Master Linux TC: Shape Bandwidth and Control Traffic with HTB, Qdisc, and Filters

TC Overview

In Linux, the Traffic Control (TC) subsystem offers two shaping methods, CBQ and HTB, with HTB designed to replace CBQ. TC is built from three basic blocks: queueing disciplines (qdisc), classes, and filters.

Queueing Discipline (qdisc)

A qdisc controls the rate of packet transmission. Linux typically uses only the egress (sending) queue because inbound queue control is limited. The kernel places packets into the configured qdisc for an interface, then dequeues them for the network driver.

The simplest qdisc is pfifo, which processes packets FIFO without modification. Other qdisc types include FIFO, RED, SFQ, Token Bucket, CBQ, and hierarchical structures.

Classes

Classes represent traffic‑shaping policies. Different IPs or services can be assigned to distinct classes to enforce separate bandwidth limits.

Filters

Filters map packets to the appropriate class. They can use marks set by iptables (e.g., MARK) or the u32 classifier to match IP addresses.

Typical filter chain: packet → iptables (set mark) → TC class → TC qdisc.

Configuration Steps

Add a root qdisc on the outbound interface (e.g., eth0 ) using HTB: tc qdisc add dev eth0 root handle 1: htb default 1 Create a top‑level class to define the overall rate limit:

tc class add dev eth0 parent 1: classid 1:1 htb rate 2mbit ceil 4mbit prio 2

Here rate is the guaranteed bandwidth, ceil the maximum, and prio the priority (lower value = higher priority).

Define child classes for specific applications or IP groups:

tc class add dev eth0 parent 1:1 classid 1:10 htb rate 0.5mbit ceil 2mbit prio 3

Optionally attach an SFQ qdisc to the class to prevent a single flow from monopolising bandwidth: tc qdisc add dev eth0 parent 1:10 handle 10: sfq perturb 10 Add filters to direct traffic into the appropriate class, for example by matching destination IP:

tc filter add dev eth0 parent 1: protocol ip prio 16 u32 match ip dst 192.168.1.2 flowid 1:10

Mark packets with iptables (or use u32) so TC can classify them:

iptables -t mangle -I FORWARD -i !eth1 -p tcp --sport 80 -s xxx.xxx.xxx.xxx -j MARK --set-mark 31

Burst and Cburst Parameters

Network hardware can send packets at its line rate, but software can burst above the configured rate for short periods.
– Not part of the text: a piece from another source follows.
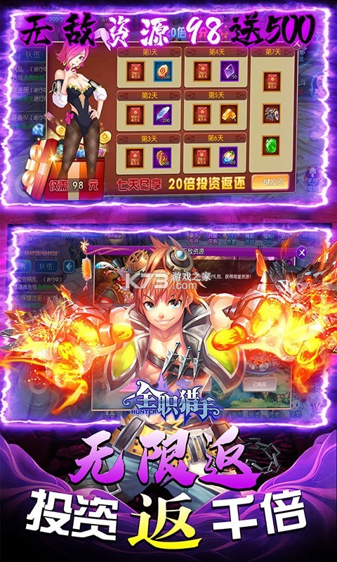4、坠坠变态的无敌资源,统统千倍返利,充98元送500,再送极品红宠-熔核幽龙!

The burst and cburst parameters define how much data may be sent at the hardware's maximum speed before the rate limit (or ceil) takes effect. They must be at least as large as the values of any child class.

TC Command Reference

tc qdisc [add|change|replace|link] dev DEV [parent qdisc-id|root] [handle qdisc-id] qdisc [qdisc‑specific parameters]
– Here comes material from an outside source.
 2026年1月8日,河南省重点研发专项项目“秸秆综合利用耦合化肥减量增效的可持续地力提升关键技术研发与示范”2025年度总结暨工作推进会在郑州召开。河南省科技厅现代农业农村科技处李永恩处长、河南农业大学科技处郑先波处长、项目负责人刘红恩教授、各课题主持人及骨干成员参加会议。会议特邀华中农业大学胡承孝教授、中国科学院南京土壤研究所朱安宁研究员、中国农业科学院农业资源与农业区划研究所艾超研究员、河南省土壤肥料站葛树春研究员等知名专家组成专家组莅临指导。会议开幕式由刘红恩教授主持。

tc class [add|change|replace] dev DEV parent qdisc-id [classid class-id] qdisc [qdisc‑specific parameters]

tc filter [add|change|replace] dev DEV [parent qdisc-id|root] protocol PROTO prio PRIORITY filtertype [filtertype‑specific parameters] flowid FLOW-ID

tc -s -d qdisc show dev DEV

tc -s -d class show dev DEV

tc qdisc del dev DEV root

Practical Examples

Limit a single IP's download speed:

tc qdisc add dev eth0 root handle 1: htb r2q 1
tc class add dev eth0 parent 1: classid 1:1 htb rate 30mbit ceil 60mbit
tc filter add dev eth0 parent 1: protocol ip prio 16 u32 match ip dst 192.168.1.2 flowid 1:1

This caps the IP 192.168.1.2 at 30 Mbit/s (up to 60 Mbit/s burst).

Limit an entire subnet:

tc qdisc add dev eth0 root handle 1: htb r2q 1
tc class add dev eth0 parent 1: classid 1:1 htb rate 50mbit ceil 1000mbit
tc filter add dev eth0 parent 1: protocol ip prio 16 u32 match ip dst 192.168.111.0/24 flowid 1:1

All hosts in 192.168.111.0/24 share roughly 200 kbit/s.

Add SFQ to prevent a single host from hogging bandwidth:

tc qdisc add dev eth0 root handle 1: htb r2q 1
tc class add dev eth0 parent 1: classid 1:1 htb rate 3000kbit burst 10k
tc qdisc add dev eth0 parent 1:1 handle 10: sfq perturb 10
tc filter add dev eth0 parent 1: protocol ip prio 16 u32 match ip dst 192.168.111.168 flowid 1:1

SFQ ensures fair distribution among IPs within the class.